Issue
Issue:
I have two tables with sample inputs below:
Baseline_Cars:
Name | Fname | FW_Base | Seq | FP_Base | FW_Prop | FP_Prop | isChanged | changeType |
---|---|---|---|---|---|---|---|---|
Audi | A1 | 2 | 0 | 2 | 0 | 0 | 0 | "" |
Audi | A2 | 3 | 0 | 3 | 0 | 0 | 0 | "" |
Audi | A3 | 4 | 0 | 4 | 0 | 0 | 0 | "" |
BMW | X1 | 5 | 0 | 5 | 0 | 0 | 0 | "" |
BMW | X2 | 6 | 0 | 6 | 0 | 0 | 0 | "" |
Merc | M4 | 7 | 0 | 7 | 0 | 0 | 0 | "" |
Merc | M5 | 8 | 0 | 8 | 0 | 0 | 0 | "" |
Proposed_Cars:
1 | 2 | 3 | 4(FW_Base) | 5(FW_Prop) | 6(FP_Base) | 7(FP_Prop) | 8(isChanged) | 9(changeType) |
---|---|---|---|---|---|---|---|---|
144 | Audi | A1 | 2 | 1 | 1 | 1 | 1 | W |
144 | Audi | A2 | 3 | 3 | 3 | 1 | 1 | P |
144 | BMW | X1 | 5 | 3 | 3 | 3 | 1 | W |
144 | BMW | X2 | 6 | 4 | 4 | 4 | 1 | W |
Expected Solution:
1 | 2 | 3 | 4(FW_Base) | 5(FW_Prop) | 6(FP_Base) | 7(FP_Prop) | 8(isChanged) | 9(changeType) |
---|---|---|---|---|---|---|---|---|
144 | Audi | A1 | 2 | 1 | 1 | 1 | 1 | W |
144 | Audi | A2 | 3 | 3 | 3 | 1 | 1 | P |
144 | Audi | A3 | 4 | 0 | 4 | 0 | 0 | NULL |
144 | BMW | X1 | 5 | 3 | 3 | 3 | 1 | W |
144 | BMW | X2 | 6 | 4 | 4 | 4 | 1 | W |
Explanation of the expected solution:
Baseline cars contain names of car brands with Fnames, baseline weights(FW_Base),baseline Parameters(FP_Base).

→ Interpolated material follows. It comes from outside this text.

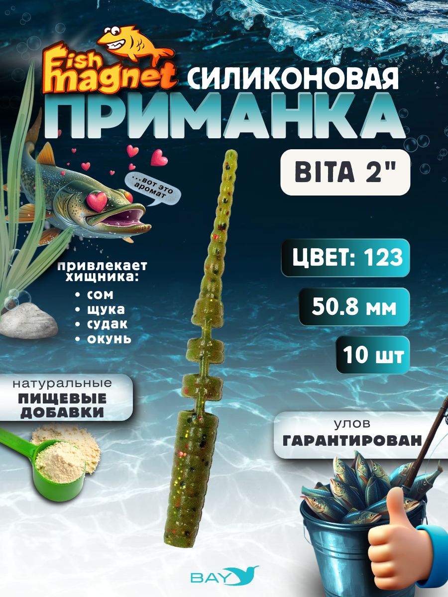 Силиконовая приманка пассивная съедобная Fish Magnet BITA 2" (50.8 мм), цвет 123, 10 шт на рыбалку для окуня

Proposed cars contain names of cars with Proposed new weights(FW_PROP) and new Parameters(FP_PROP).
By default the FW_PROP, FP_PROP, isChanged are 0 in Baseline cars and changeType column is empty string.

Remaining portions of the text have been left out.